Assurément il ne faut pas en rester à la sidération et à sa suite laisser libre court à la colère ou
l'indignation. C'est toujours le risque auquel nous sommes confrontés lorsque nous avons prenons conscience
soudain de maltraitances et d'abus imposés aux enfants.
Cependant il est absolument certain que ce n'est ni la colère ni le mépris qui permettront de déceler de manière
anticipée un futur passage à l'acte chez un séminariste futur prêtre, chez un prêtre ordonné et chez un religieux
ayant d'autres responsabilités dans la hiérarchie de l'Eglise. Incriminer violemment et fustiger un auteur de
pédophilie et ici plusieurs membres de l'Eglise, est une perte de temps, puisque ce qui est à mettre en place est la
reconnaissance du fonctionnement de ces personnes afin de prévenir, d'anticiper et donc d'empêcher les actes vers
lesquels elles cheminent.
Anticiper, pour des professionnels de la santé mentale spécialisés dans les agressions sexuelles et
spécialement celles de la pédophilie, cela veut dire savoir comment se construit dans la tête l'approche sexuelle de
l'enfant et pourquoi la dynamique de cette construction mentale devient de plus en plus irrépressible chez celui qui
est concerné. Ce n'est pas tous les psy qui peuvent répondre d'une spécialisation sur la reconnaissance et la prise en
charge des agressions sexuelles et spécialement de la pédophilie. Il faut un doctorat de recherche sur l'ensemble des
étapes par lesquelles, l'enfant, l'adolescent et le futur adulte passera pour devenir, presque malgré lui, pédophile.Puis
il faut être passé par une formation thérapeutique au sein des établissements spécialisés dans les prises en charge de
ces personnes. Lorsque l'on dispose de ce parcours professionnel, on peut vraiment répondre aux questions
suivantes : Comment le devient-on ? Comment être accompagné thérapeutiquement efficacement pour avoir une
chance de s'en sortir ?
Pour un professionnel de la santé mental qui dispose d'une formation sur les spécificités de l'évolution
et de la construction mentale du pédophile, répondre à la première question c'est d'emblée devoir expliquer que la
réponse n' a rien à voir avec le problème de la privation sexuelle, de la retenue sexuelle et donc de la chasteté
imposée aux séminaristes, puis aux prêtres leur vies durant. Bon nombre de pédophiles sont mariés et ont une vie
sexuelles avec un ou une adulte. Bien comprendre comment on devient pédophile est donc une étape très très
importante pour ne pas se jeter sur des explications qui ne sont pas les bonnes et qui conduiraient vers des
récriminations hostiles inutiles pour l'anticipation des actes pédophiles et des thérapies possibles des acteurs. Par
conséquent il faut d'emblée prendre la voie de la demande d'explication.

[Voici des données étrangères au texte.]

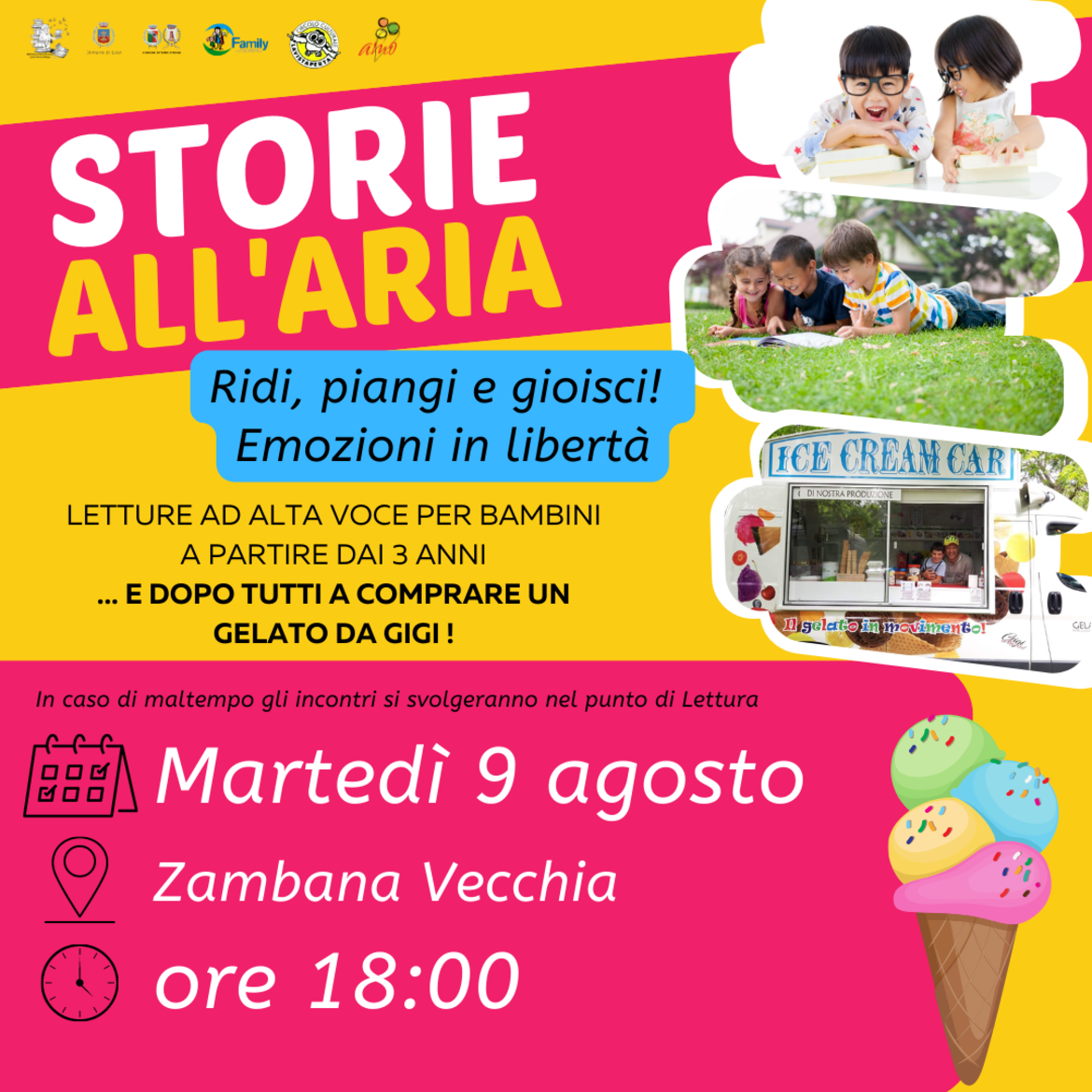 Martedì 9 agosto alle ore 18.00 ci saranno per voi tante emozioni in quel di Zambana Vecchia con le storie all'aria... per poi esultare davanti al camioncino dei gelati di Gelatiamo Mezzolombardo!

Comment une personne risque-telle, parfois adolescente, mais le plus souvent adulte, de devenir
pédophile ? Depuis 70 ans maintenant, psychiatres et psychanalystes spécialisés sur les agressions sexuelles de la
pédophilie, publient sur les causes et les moyens de la prévenir. On sait que qu'il faut que deux étapes cruciales
soient ratées chez les moins de 10 ans pour qu'existe un risque avéré de devenir plus tard pédophile. De même on
sait les étapes que la personne concernée doit rencontrer sur son chemin de jeune adulte ou d'adulte confirmé pour
que le compte à rebours vers le futur passage à l'acte s'enclenche.
Quelles sont ces étapes qui ont lieu à des moments de la vie différents et qui sont toutes nécessaires
pour qu'advienne ultérieurement ce qui sera un fonctionnement pédophilique ?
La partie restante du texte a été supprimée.